2026–27 BETON Ukrainian Cup

Tournament details
- Country: Ukraine
- Dates: 8 August 2026 – 19 May 2027 8–12 August 2026 (qualification round) 21 August 2026 – 19 May 2027 (main event)
- Teams: 69

Tournament statistics
- Matches played: 52
- Goals scored: 171 (3.29 per match)
- Attendance: 23,374 (450 per match)
- Top goal scorer(s): Ivan Bandura, Ihor Horbach, Artem Kozak (3 goals)

= 2026–27 Ukrainian Cup =

The 2026–27 Ukrainian Cup was the 35th annual season of Ukraine's football knockout competition. It is sponsored by the betting company BETON. The Ukrainian Cup is the main domestic cup competition for men's football teams in Ukraine.

Dynamo Kyiv are the defending champions.

With the ongoing Russo-Ukrainian war, many teams are forced to play away, while life in the rear is interrupted by continuous air raids.

==Highlights of the format==
The competition has kept the new format that was established last season. In total, the competition consists of seven stages - from the qualification to the final match. The tournament starts with the qualifying round, in which representatives of regional associations play with one another. In the Round of 64, AAFU teams, other amateur teams from the qualification round, PFL clubs from the Second and First leagues, as well as most clubs from the UPL will join the trophy challenge. Finally, the last entrants are the European competition participants that enter the competition in the Round of 32.
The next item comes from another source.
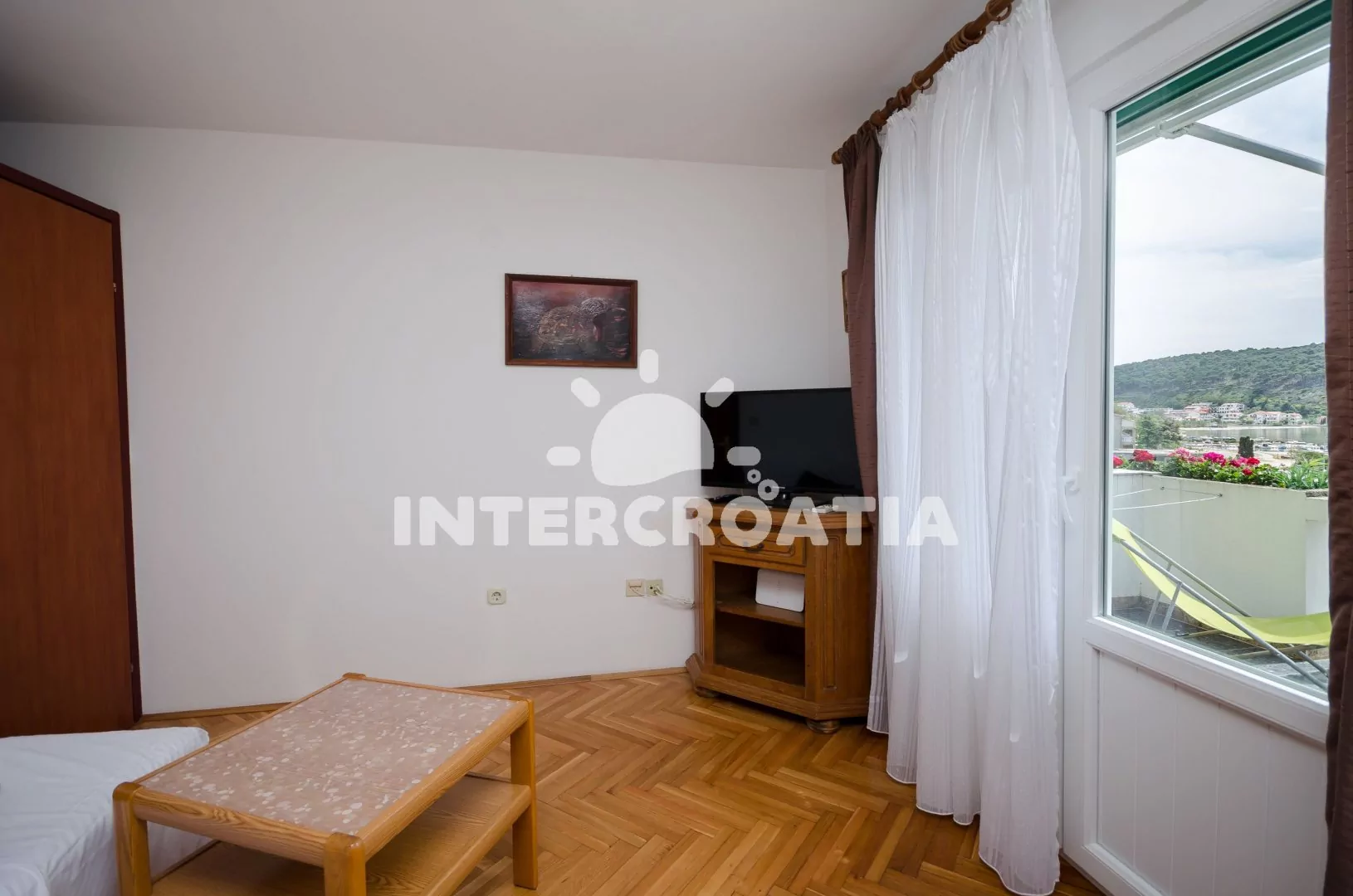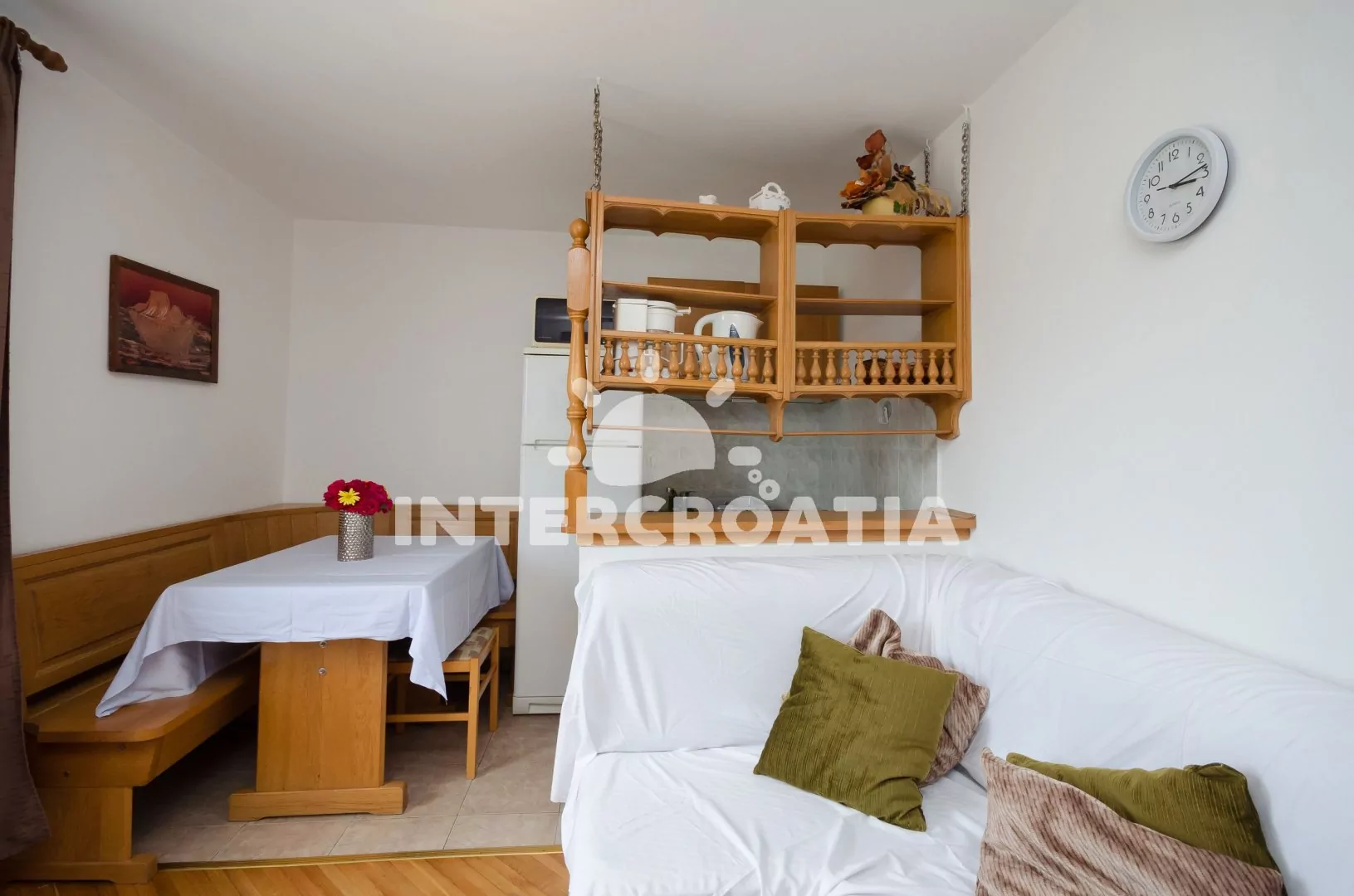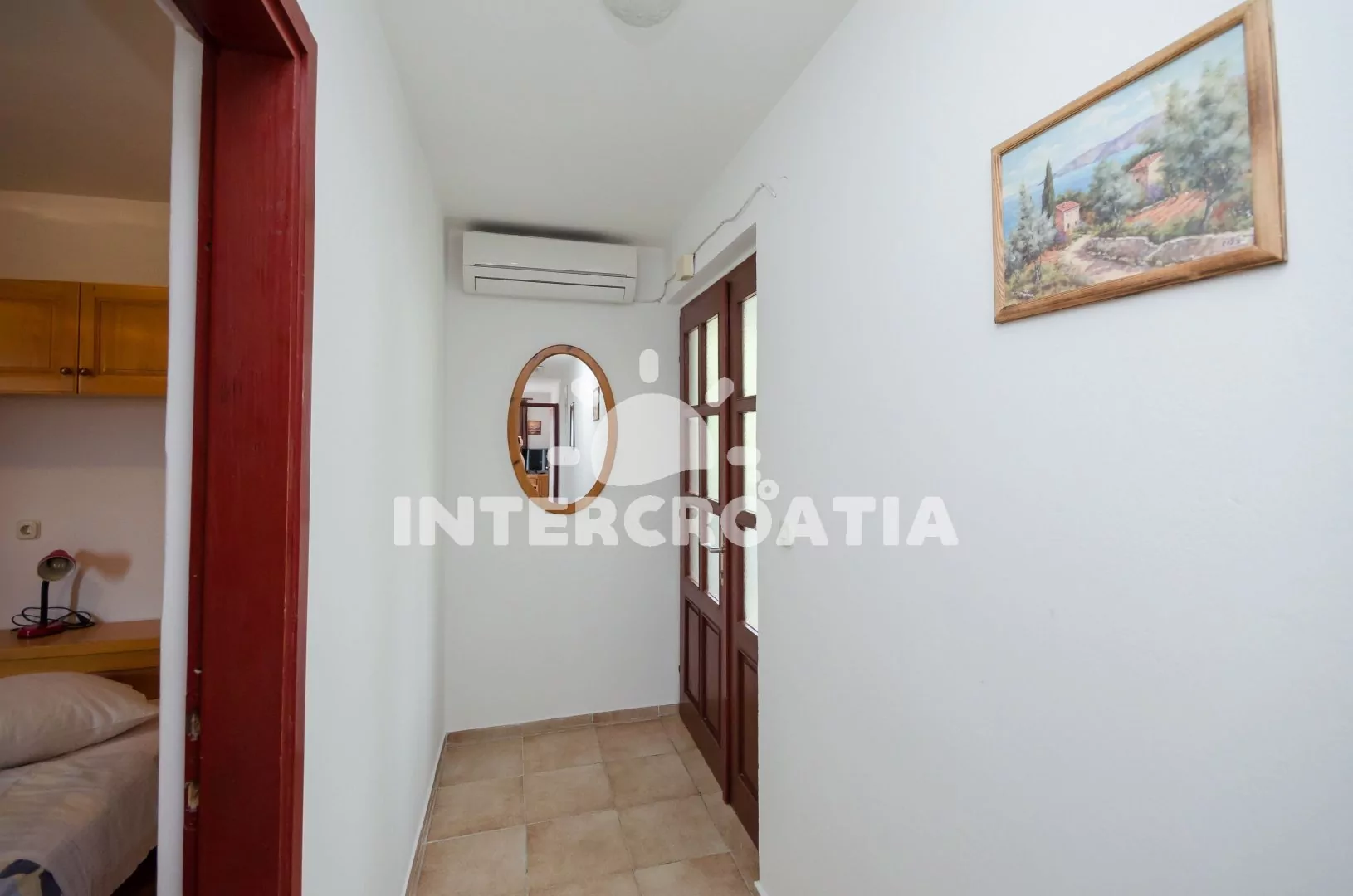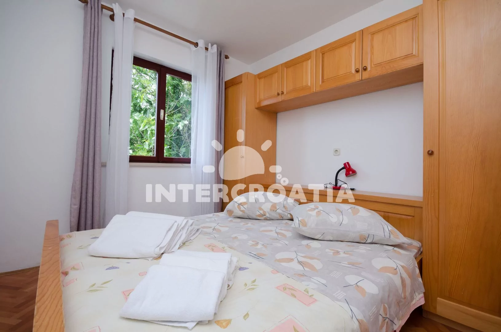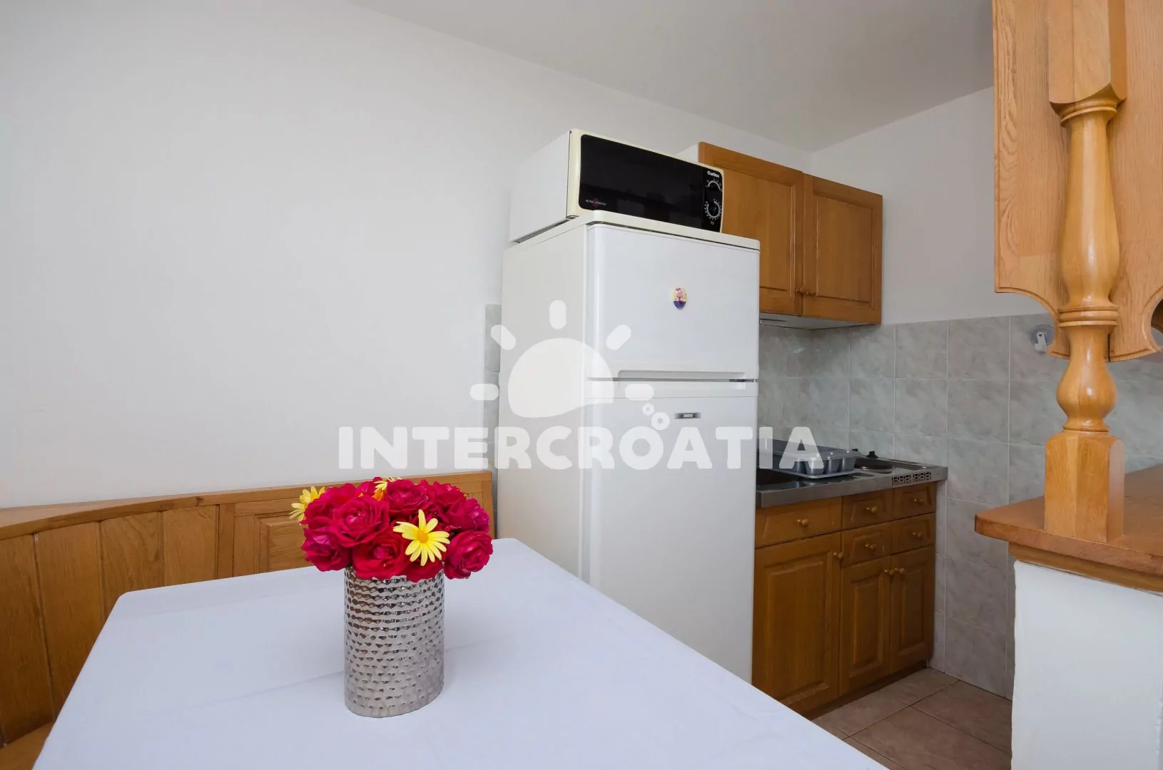 Apartmán (50 m2) s balkonem a výhledem na moře se nachází ve 2. patře domu. Apartmán má 2 ložnice a je vhodný pro až 4 osoby. Obývací pokoj je spojený s kuchyní. Kuchyňská linka je vybavena dvouplotýnkovým vařičem, mikrovlnnou troubou, rychlovarnou konvicí, nádobím a lednicí s mrazákem. Obývací pokoj s jídelním stolem, pohovkou, televizí se satelitním programem, klimatizací a vstupem na balkon. První i druhá ložnice je vybavena vždy s jedním dvoulůžkem. Koupelna se sprchovým koutem, umyvadlem a wc. Hostům je k dispozici parkování u objektu zdarma.

All matches at each stage of the Ukrainian Cup consist of one match. Pairings are determined by blind draw, without dividing teams into seeded and unseeded teams. It has also been noted that in all matches, except the final, if a draw occurs after regular time, no extra time will be played. The winner is determined immediately in a post-match penalty shootout.
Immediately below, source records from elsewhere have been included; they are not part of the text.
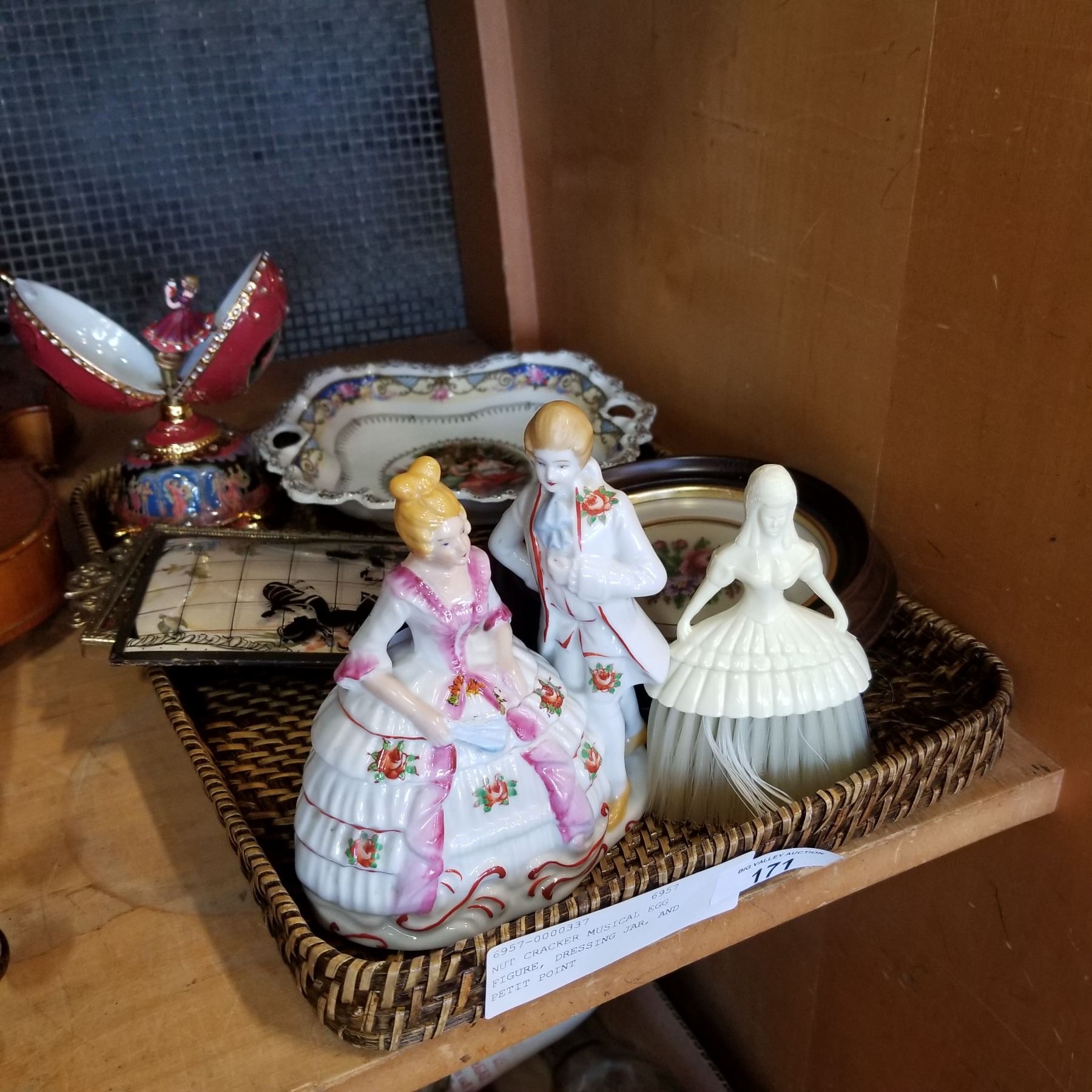 NUT CRACKER MUSICAL EGG FIGURE, DRESSING JAR, AND PETIT POINT
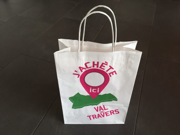 Visible depuis fin 2015 sur les vitrines de dizaines de commerçants du Val-de-Travers, le logo « J’achète ici » s’affiche désormais au bras des clients ! Cela par le biais de sacs en papier offerts en trois formats différents, réalisés bien évidemment au Vallon.
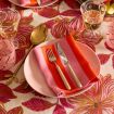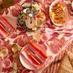 Retro stripes in sorbet pink and orange add a playful twist to summer or everyday table settings.

Compared with the previous season, the number of participants has changed insignificantly, to 69, an increase of 1. Additionally, the number of amateur teams that entered the competition has increased noticeably to 25, compared to 21 previously. This compensated for the withdrawal of several clubs from the professional competitions. Due to the Russian occupation, at least five regions cannot compete in the tournament, except for a few clubs that were evacuated and survived the relocation.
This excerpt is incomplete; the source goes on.